Sunday, January 26, 2014

At the Close of the 21-Day Fast

Unless you put prayer with your fasting, there is no need to fast. If it doesn't mean anything to you, it won't mean anything to God. ~Jentezen Franklin

Here am I...at the close of the 21-day fast and I am still wrestling with this "love myself" thing. I now well aware of the depths of this problem, I recognize it in my thoughts, but it seems to remain unresolved, not that God is done with me, but I had this hope....

Frankly, I had a very difficult time praying during this fast, more to the point I feel I failed in that respect. For the corporal part, we were to be praying about this year as a season of acceleration, multiplication, and increase based on prophetic words given to our pastor. The goals are local outreach, global missions, and Encounter 2014 (which is an intense spiritual retreat, I think). I wanted to pray about these things, but my mind wandered more than usual or I kept running head first into this "love myself" thing as if God wants me to work through this with Him the most...and it did not help that I seem to want to avoid God on top of it, which He often reminded me of what I was doing as I did it.

I have always thought of myself as conceited and selfish, and I still think that. On the other hand, I feel that I have no worth except in the things that I do or provide for others. I think certain things contributed to this besides my childhood, like many of the churches I was in. This might explain why I have hurt feelings left over from some churches and even anger towards some church philosophies: mainly the ones that seem to beat down their congregation and perhaps, in particular, women. It is not that I disagree with the scriptures used, but just how they were used to shame and beat congregations into submission. This in contrast to encouraging people to learn to listen to God themselves and act on His leading rather than relying completely on pastoral leadership as the sole mouthpiece of God. Even some of the church members that talk the right talk, with amens and hallelujahs in the service, seem to not hear God's words in their daily lives and frowned on those that did.

So, I hid away in those "safe" churches and kept quiet most of the time. I tried to fit what they expected of me as a member, as a woman, and as a wife. Part of me used to scream inside that I was as much of a human being as any man, that I had worth, that I hear God speak to me who is the greatest authority, but after awhile even my internal screaming became silent and I became even more complacent just to get along with everyone else. It still did not win me any friends, so why did I bother to try? There was only one church that really showed my husband and me how much we were appreciated and loved, and would be missed when we moved from Florida. The good news is we are now in a church that is very like it: only nearly 17 years later did we get back what we were missing, but the church is only three years old so...I guess we had to wait. These people get into your life and invite you into theirs. There is a greater sense of community than we had before.

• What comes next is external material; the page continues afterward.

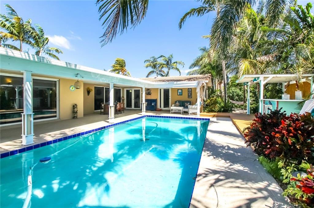 Paradise Found! Beautifully remodeled home with stunning backyard, perfect for the SoFla lifestyle. Feel like you are on vacation every day with the private mature lush landscaping including exotic Palm Trees and pristine pool. Tiki Bar. Covered patio for extended outdoor living. New S tile roof 2015, High Impact windows and doors including high end Rain Front door. Kitchen with large island perfect for entertaining and family gatherings. Porcelain wood look tile and newly restored vintage terrazzo.

Anyway, this is not meant to be a another gripe about churches, but rather I am just analyzing the influences in my life trying to identify what is my issue with "loving myself" and what that really means from God's perspective. I have always been taught that loving yourself is wrong; loving others more is right; loving God the most is ideal. That self-sacrifice is the greatest good. That hating your life means you love God more. If you are last then you will be first...all those humbling things that Jesus Himself said. However, when the visiting pastor was praying over me months ago and was given the message to give to me that I think I am being humble but I am not, that if I did not love myself I could not really love others, I was so very confused and highly disturbed. I thought I was doing that part right but here this man was telling me that I should take off my sunglasses to see that it really was daytime not night time like I thought. It just flipped my world, but I was not ready to flip with it...and I am not sure I still am. And I do not know the source of this, but there seems to be a measure of fear involved with this thing also. 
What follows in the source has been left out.